Agnes was naturally very much interested in this strange sight. A village on the ice was something quite novel to her mind. She desired very much to ask questions of Neale, but the wind was too great and they were sailing too fast for her to make her desire known to her boy friend.

So she just used her eyes (when they did not water too much) and stared at the strange collection of huts and its vicinity with all her might. Why! from lengths of stove pipe through some of the slanting roofs, smoke was climbing into the hazy atmosphere.

Back of the ice-village, on the steep western shore of the lake, was built a regular town of slab shanties, with a slab church, stores, and the like. Quite a village, this, and when Agnes looked back at Neale questioningly and pointed to them, he shouted: “Coxford.” So she knew it was their destination.

Mr. Howbridge had said they would disembark from the ice-boats at Coxford, and there would take sledges into the woods. It was fast growing toward evening, however, and Agnes knew it would be too late when they landed to continue the journey to Red Deer Lodge before the next morning.

The ice-village was about two miles out from the shore. There were half a hundred huts, some a dozen feet square. But for the most part they were much smaller. They had doors, but no windows, and, as the scooter drew swiftly nearer, Agnes could see that the structures were little more than wind-breaks.

There were a number of people moving about the settlement of huts, however, and not a few children among them, as well as dogs. As the scooter drew near she saw, too, a team of horses drawing a sledge.
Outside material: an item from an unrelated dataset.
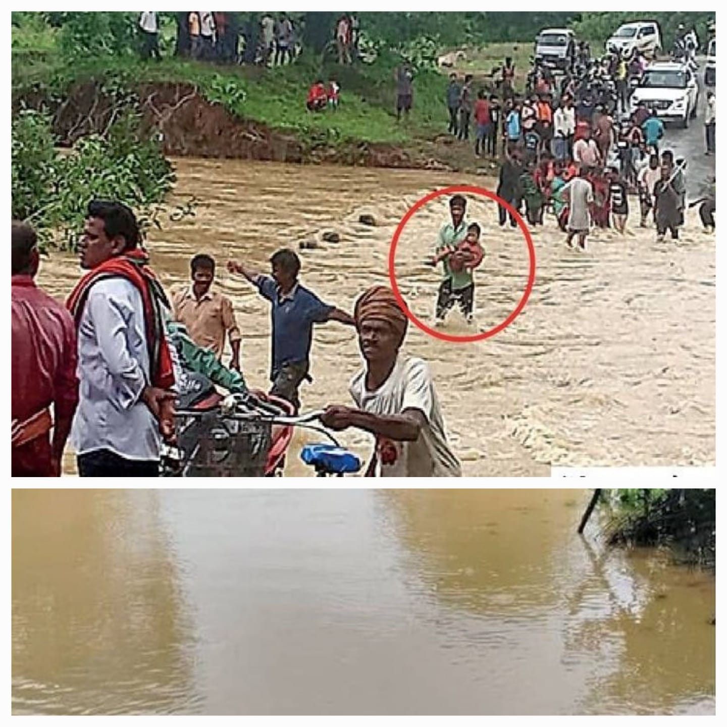 - नोनबिर्रा-रामपुर मार्ग लगातार दूसरे दिन भी बंद रहा। लोग जान जोखिम में डालकर पुल पार करते देखे गए।

This sledge was being loaded with boxes, or crates; and what those boxes could contain began to puzzle Agnes as much as anything else she saw about the queer village.

Neale steered outside the line of the ice settlement; but once beyond it he brought the scooter up into the wind and yelled at Agnes to let go the sheet and falls. She loosened the lines from the pegs and allowed them to slip. Down came the shaking canvas, the wooden hoops clattering together as they slid down the greased mast. In a moment the speed of the scooter was lost and they were all but smothered in the fallen canvas.

“Get out from under!” Neale’s voice shouted.

He dropped off at the stern and ran to the girl’s aid. He unbuckled the belt that had secured Agnes to her seat on the outrigger all this while, and fairly dragged her from under the flapping sail.

“Fine work!” Neale shouted, his voice full of laughter. “We made record time. But I’ll let somebody else furl that sail.”

“Oh, Neale!” gasped the girl, hobbling like a cripple. “I ca—can’t walk. I’m frozen stiff!”

“Come on to the shanties. We’ll get warm. Take hold here, Aggie. You’ll be all right in a few minutes.”

“Oh, dear!” she said. “I did not know I was so cold. But what a race it was, Neale! Ruth will give us fits.”

“Won’t she?” chuckled Neale.

“But what is this place, Neale?” Agnes went on. “What are these people doing here?”

“Fishing. Those are frozen fish they are loading on that sledge. Oh! There it goes! We can’t get ashore on that, after all.”

“‘Fishing’?” repeated the amazed girl. “How do they fish through the ice? I don’t see any holes.”